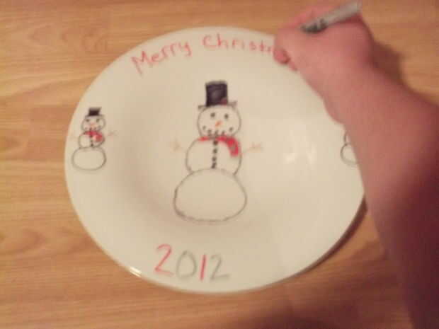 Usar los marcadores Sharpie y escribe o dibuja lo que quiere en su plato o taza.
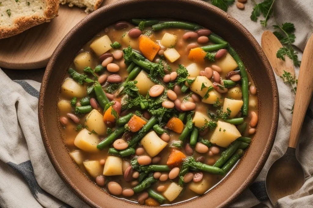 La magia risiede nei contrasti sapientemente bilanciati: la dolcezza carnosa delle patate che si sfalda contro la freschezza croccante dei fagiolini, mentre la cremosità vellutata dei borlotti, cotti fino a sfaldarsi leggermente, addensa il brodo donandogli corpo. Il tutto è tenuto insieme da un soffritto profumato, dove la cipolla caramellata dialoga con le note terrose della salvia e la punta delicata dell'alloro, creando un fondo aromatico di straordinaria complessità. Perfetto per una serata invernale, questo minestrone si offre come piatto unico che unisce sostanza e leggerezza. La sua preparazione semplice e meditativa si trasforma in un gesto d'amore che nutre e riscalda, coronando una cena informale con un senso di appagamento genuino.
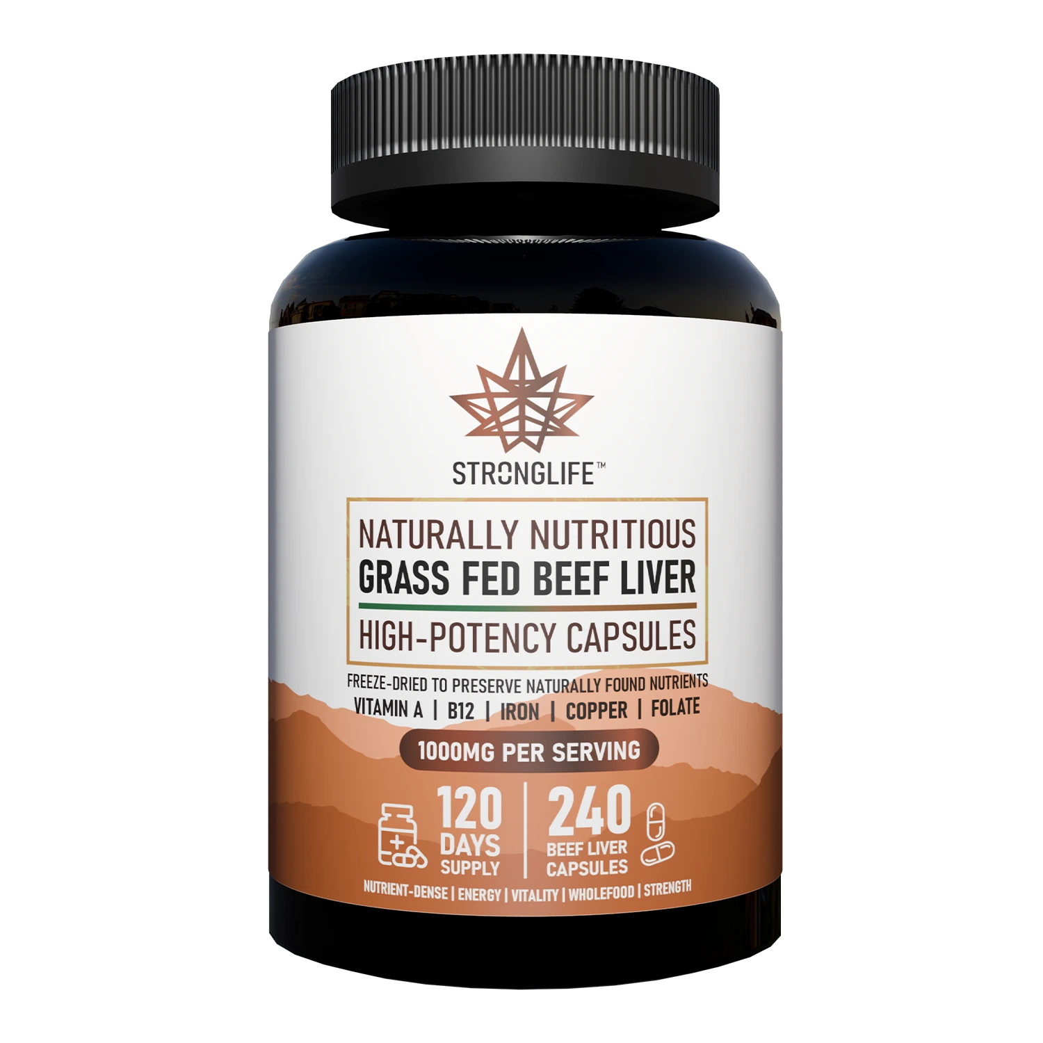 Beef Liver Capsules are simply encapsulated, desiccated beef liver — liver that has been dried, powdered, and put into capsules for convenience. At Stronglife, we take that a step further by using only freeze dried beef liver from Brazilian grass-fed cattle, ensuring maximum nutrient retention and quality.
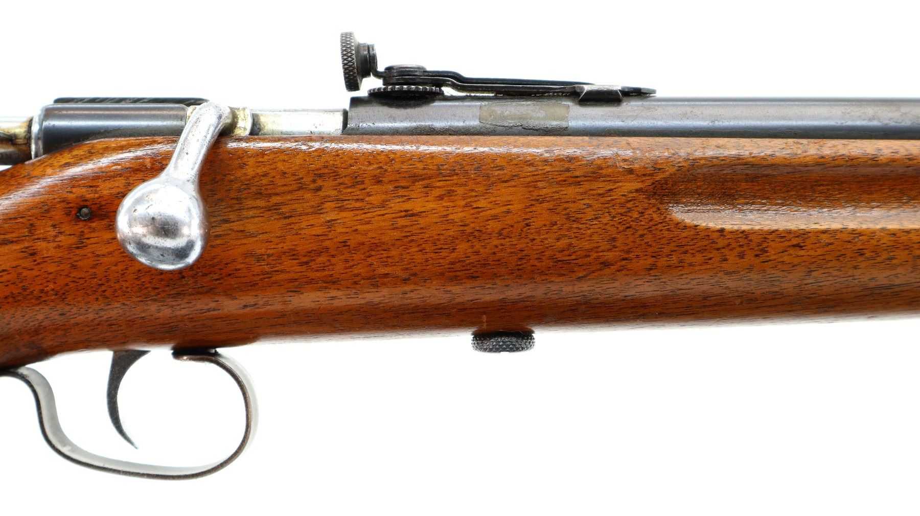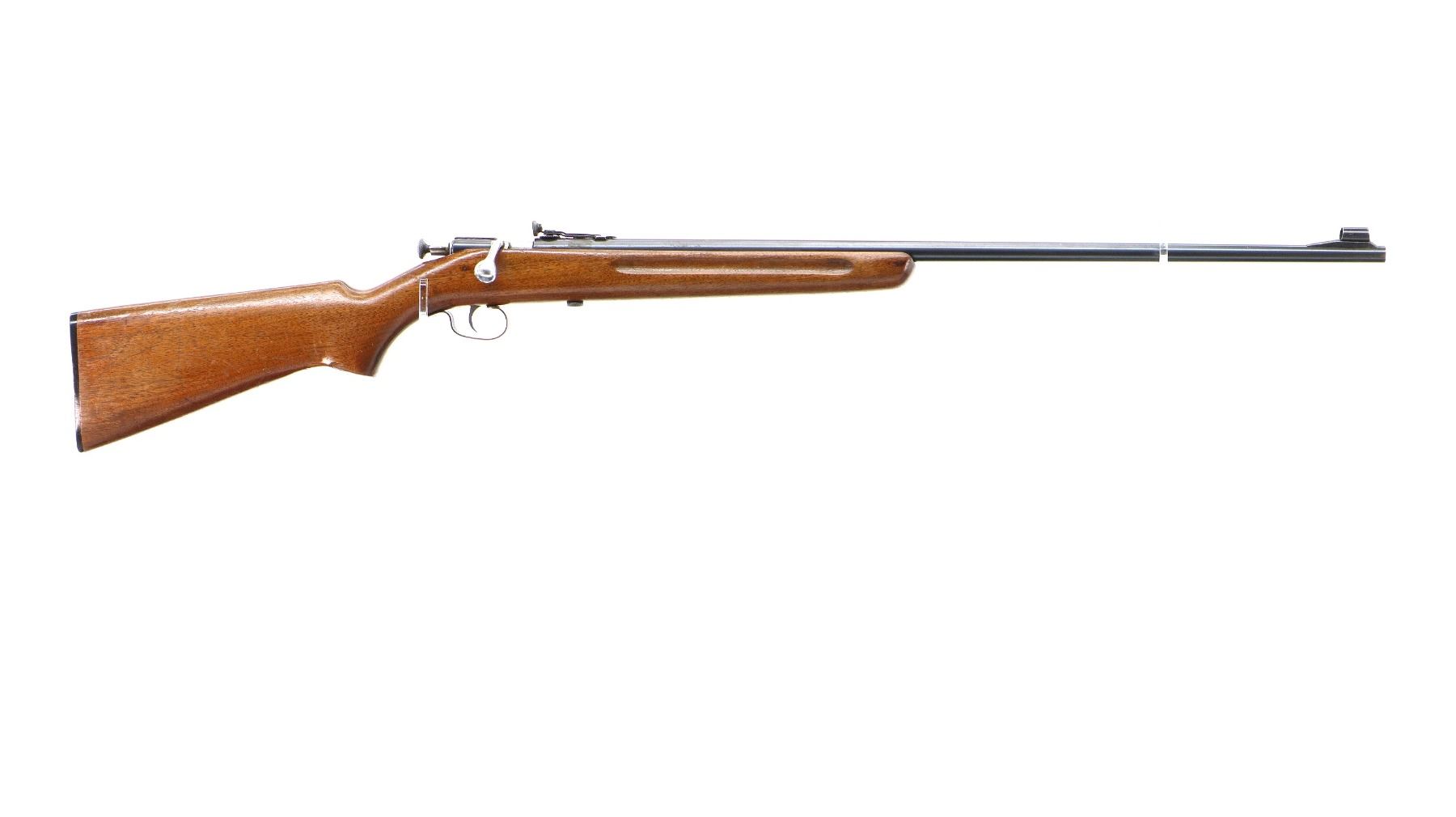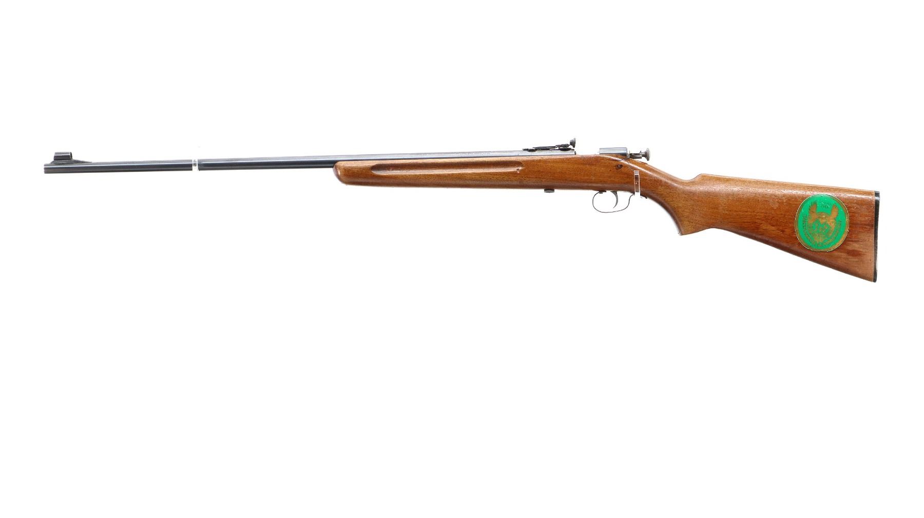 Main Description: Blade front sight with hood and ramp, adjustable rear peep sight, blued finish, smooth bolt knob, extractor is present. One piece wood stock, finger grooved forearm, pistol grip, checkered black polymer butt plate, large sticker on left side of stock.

◆ What the task asks:
The copy runs from the line containing "Beef Liver Capsules" through the last line of the material, both ends included. Reproduce those lines exactly and drop the pictures.

◆ Task output:
 Beef Liver Capsules are simply encapsulated, desiccated beef liver — liver that has been dried, powdered, and put into capsules for convenience. At Stronglife, we take that a step further by using only freeze dried beef liver from Brazilian grass-fed cattle, ensuring maximum nutrient retention and quality.
 Main Description: Blade front sight with hood and ramp, adjustable rear peep sight, blued finish, smooth bolt knob, extractor is present. One piece wood stock, finger grooved forearm, pistol grip, checkered black polymer butt plate, large sticker on left side of stock.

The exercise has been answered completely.